Task item: Copy word for word the lines of the records below, beginning at the one with "From June onwards" and finishing at the one with "Это специально оборудованная", ends included, but none of the pictures.

Information provided:
"""
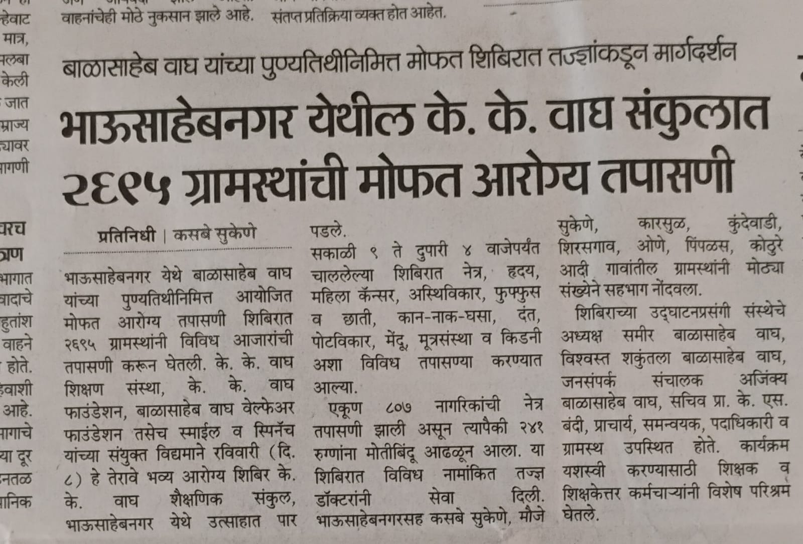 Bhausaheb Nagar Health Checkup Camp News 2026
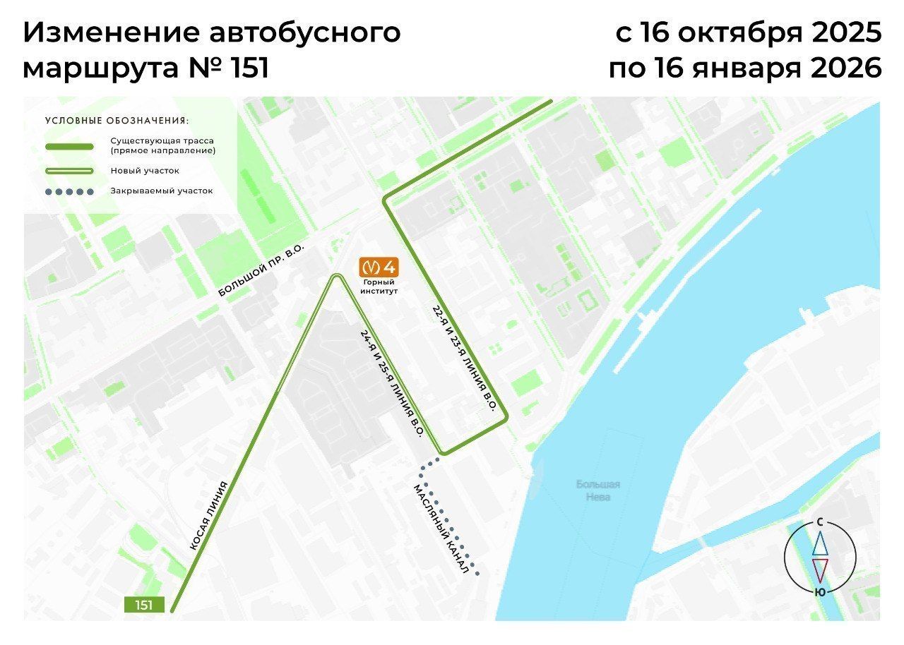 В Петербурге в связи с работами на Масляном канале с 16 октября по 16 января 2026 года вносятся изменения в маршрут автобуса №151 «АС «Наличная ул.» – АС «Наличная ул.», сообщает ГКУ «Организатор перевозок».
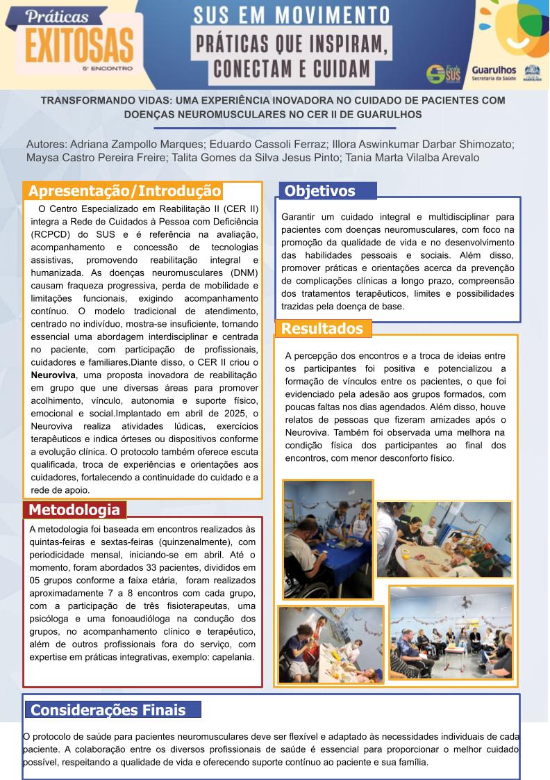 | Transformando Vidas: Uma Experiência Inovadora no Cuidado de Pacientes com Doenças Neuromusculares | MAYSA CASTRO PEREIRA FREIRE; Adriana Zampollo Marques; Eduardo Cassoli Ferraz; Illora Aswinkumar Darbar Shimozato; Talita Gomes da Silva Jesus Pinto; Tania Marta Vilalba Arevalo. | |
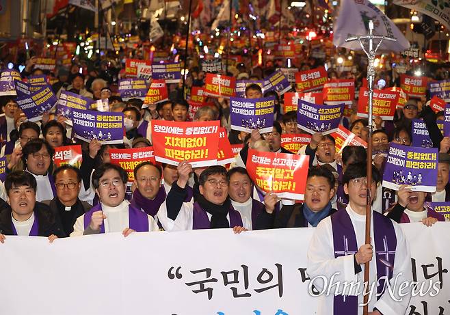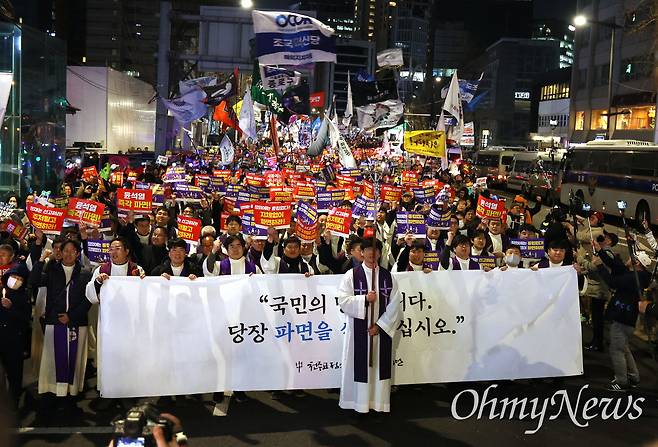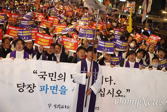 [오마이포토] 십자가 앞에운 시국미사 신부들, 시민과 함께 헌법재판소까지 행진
"""
"""
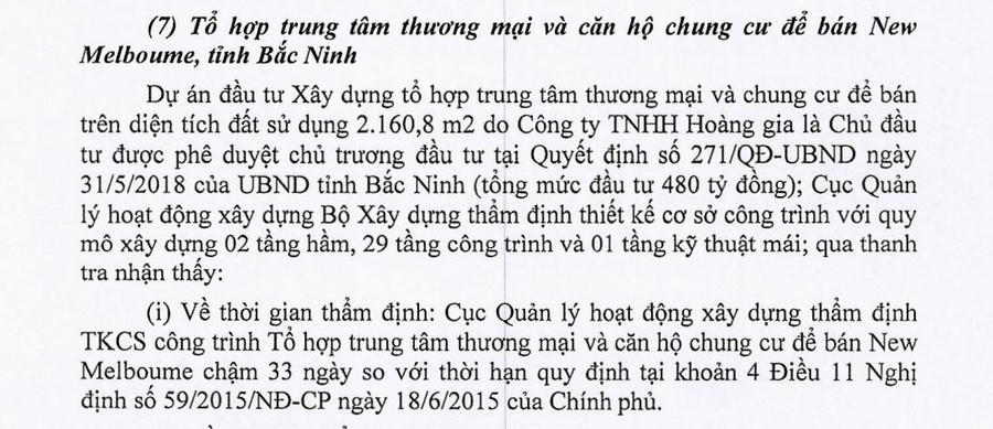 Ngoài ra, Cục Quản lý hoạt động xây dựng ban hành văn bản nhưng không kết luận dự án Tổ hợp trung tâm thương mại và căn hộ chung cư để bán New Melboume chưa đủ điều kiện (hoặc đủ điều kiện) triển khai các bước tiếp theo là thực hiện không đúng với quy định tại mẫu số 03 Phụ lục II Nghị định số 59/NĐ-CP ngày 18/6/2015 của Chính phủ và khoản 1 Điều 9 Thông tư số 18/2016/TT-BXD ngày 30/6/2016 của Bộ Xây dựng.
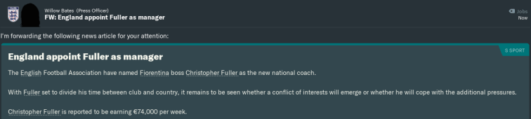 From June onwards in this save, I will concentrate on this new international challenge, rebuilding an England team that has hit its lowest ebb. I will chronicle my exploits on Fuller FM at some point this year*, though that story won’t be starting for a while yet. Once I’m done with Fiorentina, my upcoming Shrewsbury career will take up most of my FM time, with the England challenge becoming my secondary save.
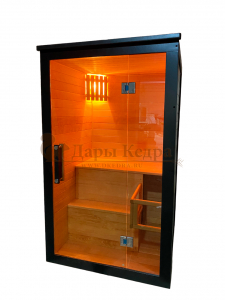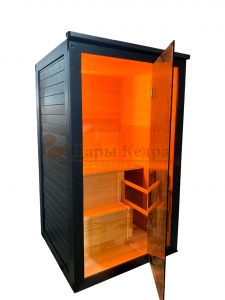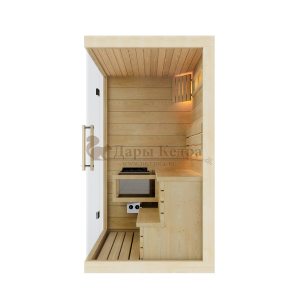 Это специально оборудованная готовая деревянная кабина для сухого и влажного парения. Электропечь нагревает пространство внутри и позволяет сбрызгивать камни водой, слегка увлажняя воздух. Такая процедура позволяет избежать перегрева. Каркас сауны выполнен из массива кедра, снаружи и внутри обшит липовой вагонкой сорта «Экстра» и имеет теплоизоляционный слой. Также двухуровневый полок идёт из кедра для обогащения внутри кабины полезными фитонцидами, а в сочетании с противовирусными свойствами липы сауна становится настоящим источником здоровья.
"""
Written response:
 From June onwards in this save, I will concentrate on this new international challenge, rebuilding an England team that has hit its lowest ebb. I will chronicle my exploits on Fuller FM at some point this year*, though that story won’t be starting for a while yet. Once I’m done with Fiorentina, my upcoming Shrewsbury career will take up most of my FM time, with the England challenge becoming my secondary save.
 Это специально оборудованная готовая деревянная кабина для сухого и влажного парения. Электропечь нагревает пространство внутри и позволяет сбрызгивать камни водой, слегка увлажняя воздух. Такая процедура позволяет избежать перегрева. Каркас сауны выполнен из массива кедра, снаружи и внутри обшит липовой вагонкой сорта «Экстра» и имеет теплоизоляционный слой. Также двухуровневый полок идёт из кедра для обогащения внутри кабины полезными фитонцидами, а в сочетании с противовирусными свойствами липы сауна становится настоящим источником здоровья.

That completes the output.